前言
本篇文章主要从以下几个方面来分析批量消息:批量消息的介绍、如何发送批量消息、批量消息在broker端时如何存储、消费者如何消费批量消息。
一、批量消息
1. 批量消息特点
批量消息有如下特点:
- 批量消息具有相同的topic
- 批量消息具有相同的waitStoreMsgOK属性
- 批量消息不支持延迟消息
- 批量消息的大小不超过4M
2.使用场景
- 提高消息的吞吐能力和处理效率
- 降低下游系统的API调用频率
3.demo示例
RocketMQ源码的example包中给出了批量消息的2个使用示例,一个是发送批量消息,一个是在发送大批量消息时通过切分消息来确保消息的大小没有超过限制。
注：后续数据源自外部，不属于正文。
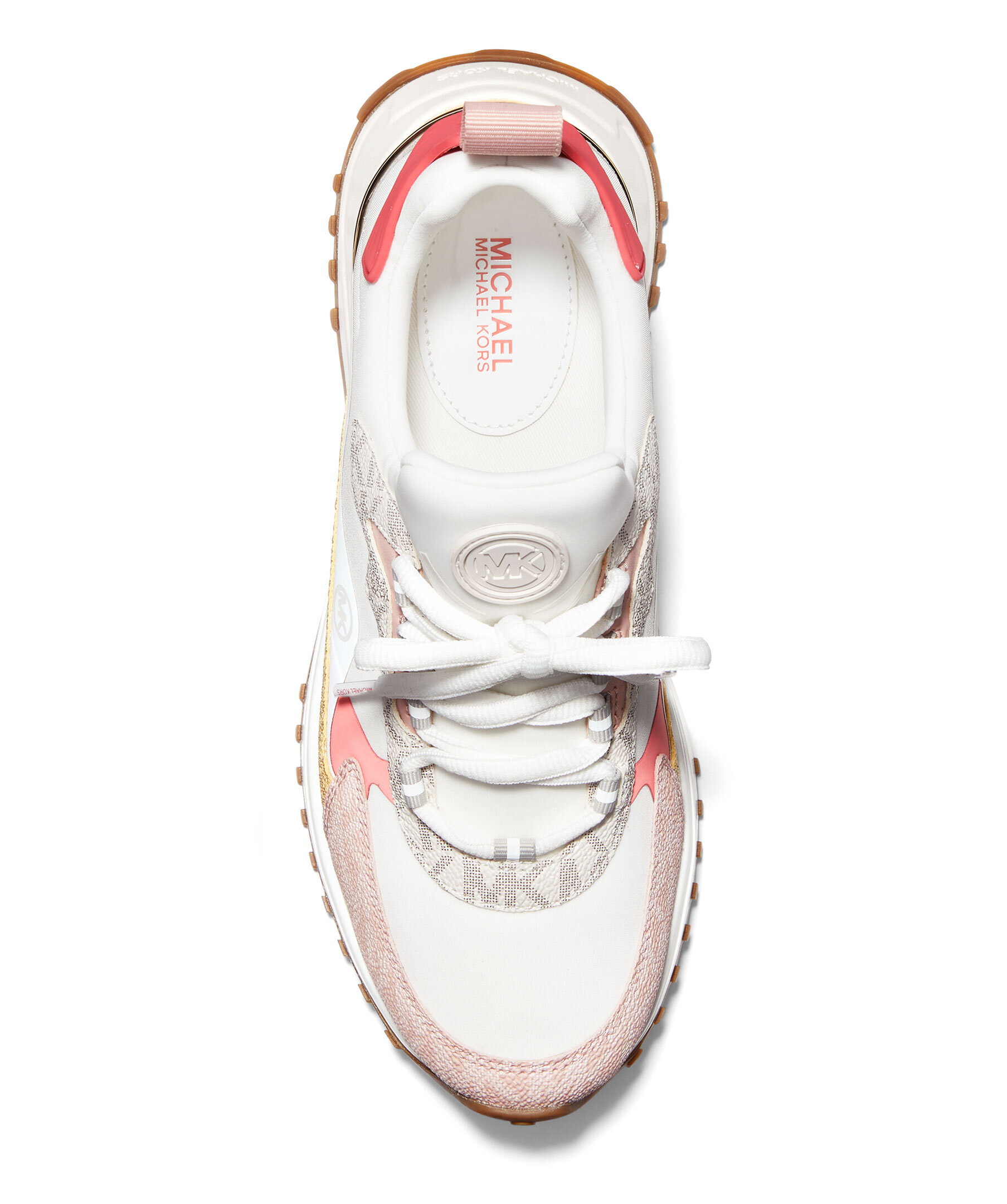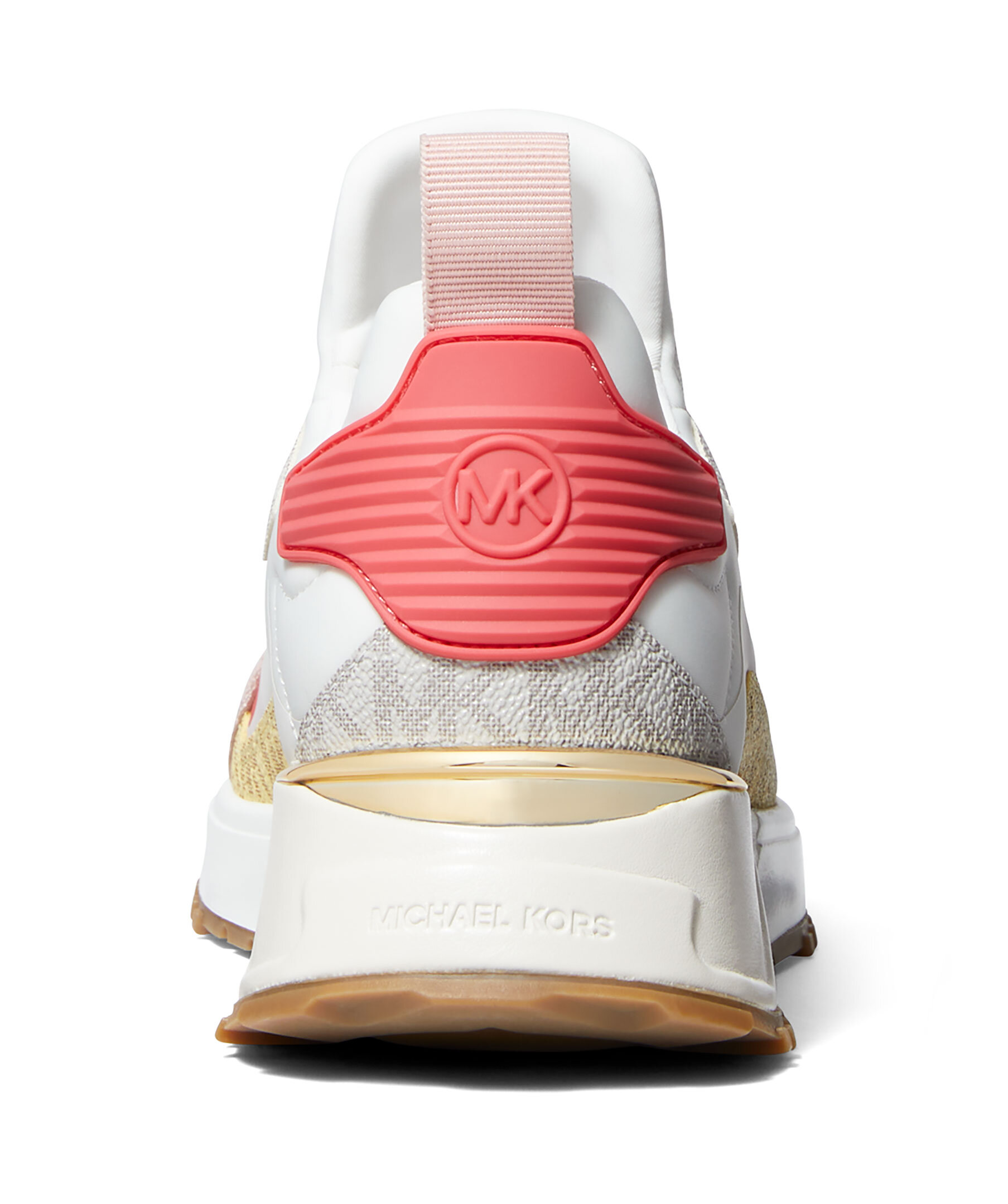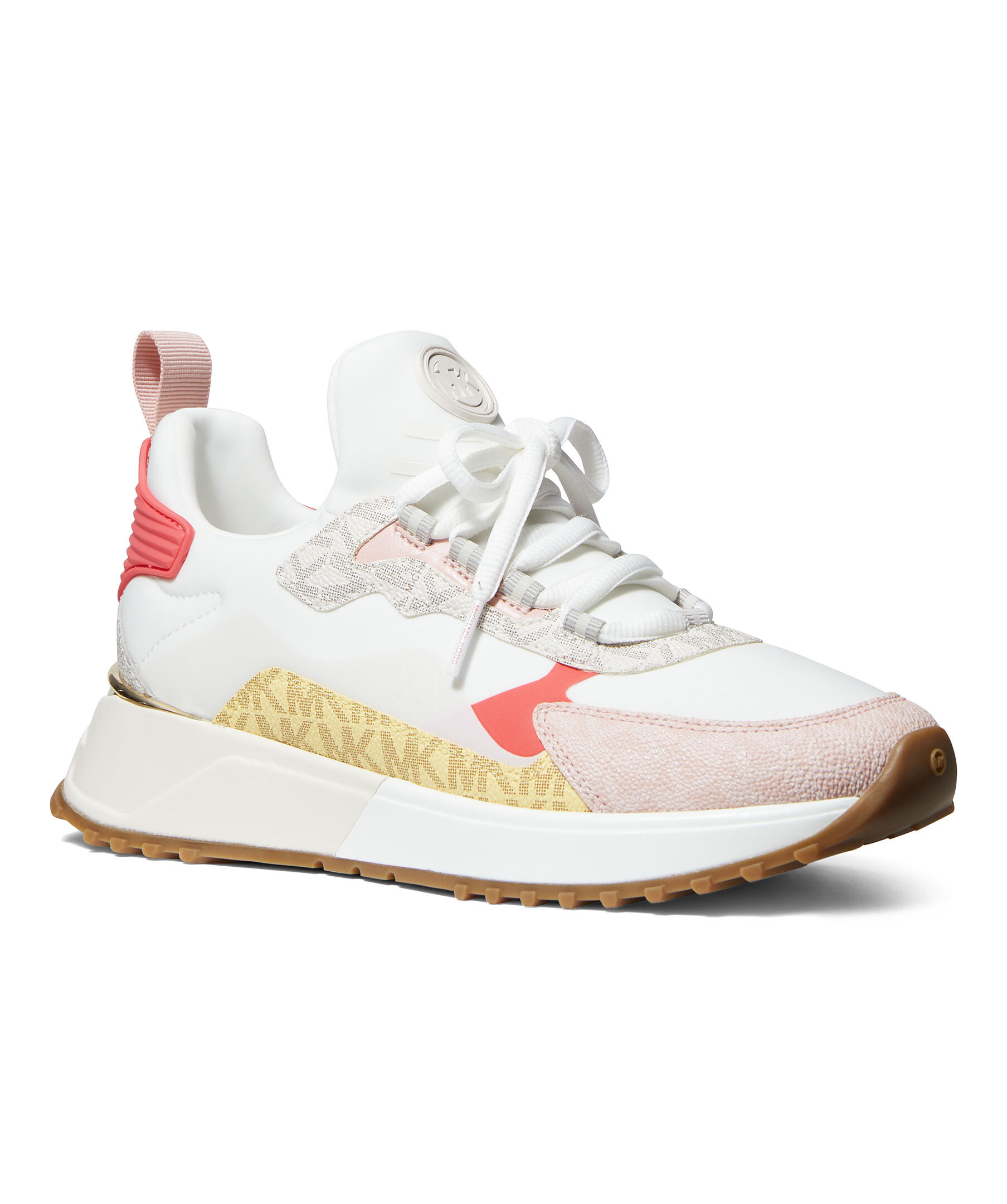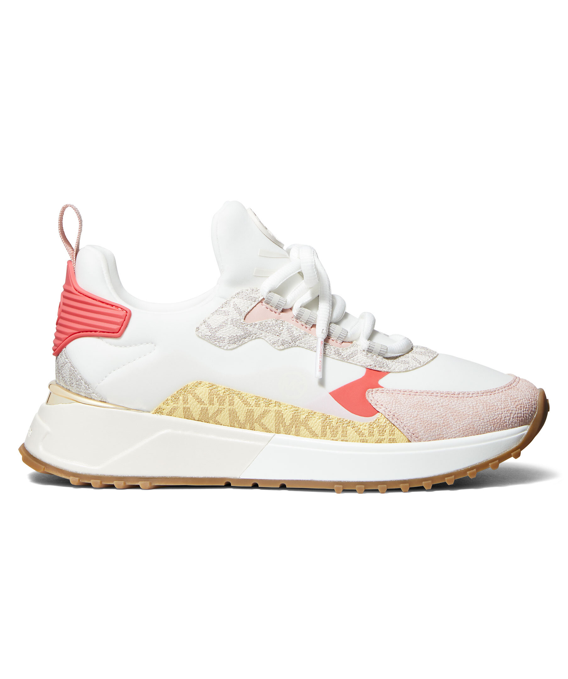 Blockfärgade sneakers av canvas och scuba från Michael Kors. Vit gummisula och en dragflik baktill som gör dem lätta att ta av och på. Logotryck på de färgade delarna i rosa och gult samt rund logotyp på plösen och bak på hälen. Vita skosnören och beige undersula.

具体代码如下:
demo 1:
public class SimpleBatchProducer {
public static void main(String[] args) throws Exception {
DefaultMQProducer producer = new DefaultMQProducer("BatchProducerGroupName");
producer.start();
//If you just send messages of no more than 1MiB at a time, it is easy to use batch
//Messages of the same batch should have: same topic, same waitStoreMsgOK and no schedule support
String topic = "BatchTest";
List<Message> messages = new ArrayList<>();
messages.add(new Message(topic, "Tag", "OrderID001", "Hello world 0".getBytes()));
messages.add(new Message(topic, "Tag", "OrderID002", "Hello world 1".getBytes()));
messages.add(new Message(topic, "Tag", "OrderID003", "Hello world 2".getBytes()));
producer.send(messages);
}
}
demo 2:
public class SplitBatchProducer {
public static void main(String[] args) throws Exception {
DefaultMQProducer producer = new DefaultMQProducer("BatchProducerGroupName");
producer.start();
//large batch
String topic = "BatchTest";
List<Message> messages = new ArrayList<>(100 * 1000);
for (int i = 0; i < 100 * 1000; i++) {
messages.add(new Message(topic, "Tag", "OrderID" + i, ("Hello world " + i).getBytes()));
}
//split the large batch into small ones:
ListSplitter splitter = new ListSplitter(messages);
while (splitter.hasNext()) {
List<Message> listItem = splitter.next();
producer.send(listItem);
}
}
}
class ListSplitter implements Iterator<List<Message>> {
private int sizeLimit = 1000 * 1000;
private final List<Message> messages;
private int currIndex;
public ListSplitter(List<Message> messages) {
this.messages = messages;
}
@Override
public boolean hasNext() {
return currIndex < messages.size();
}
@Override
public List<Message> next() {
int nextIndex = currIndex;
int totalSize = 0;
for (; nextIndex < messages.size(); nextIndex++) {
Message message = messages.get(nextIndex);
int tmpSize = message.getTopic().length() + message.getBody().length;
Map<String, String> properties = message.getProperties();
for (Map.Entry<String, String> entry : properties.entrySet()) {
tmpSize += entry.getKey().length() + entry.getValue().length();
}
tmpSize = tmpSize + 20; //for log overhead
if (tmpSize > sizeLimit) {
//it is unexpected that single message exceeds the sizeLimit
//here just let it go, otherwise it will block the splitting process
if (nextIndex - currIndex == 0) {
//if the next sublist has no element, add this one and then break, otherwise just break
nextIndex++;
}
break;
}
if (tmpSize + totalSize > sizeLimit) {
break;
} else {
totalSize += tmpSize;
}
}
List<Message> subList = messages.subList(currIndex, nextIndex);
currIndex = nextIndex;
return subList;
}
@Override
public void remove() {
throw new UnsupportedOperationException("Not allowed to remove");
}
}
二、批量消息发送
批量消息发送的过程与普通消息发送基本一致,具体发送详情可以参考笔者之前分享的文章RocketMQ源码分析之普通消息发送,此外需要注意目前批量消息的发送方式只支持同步和异步,没有单向发送。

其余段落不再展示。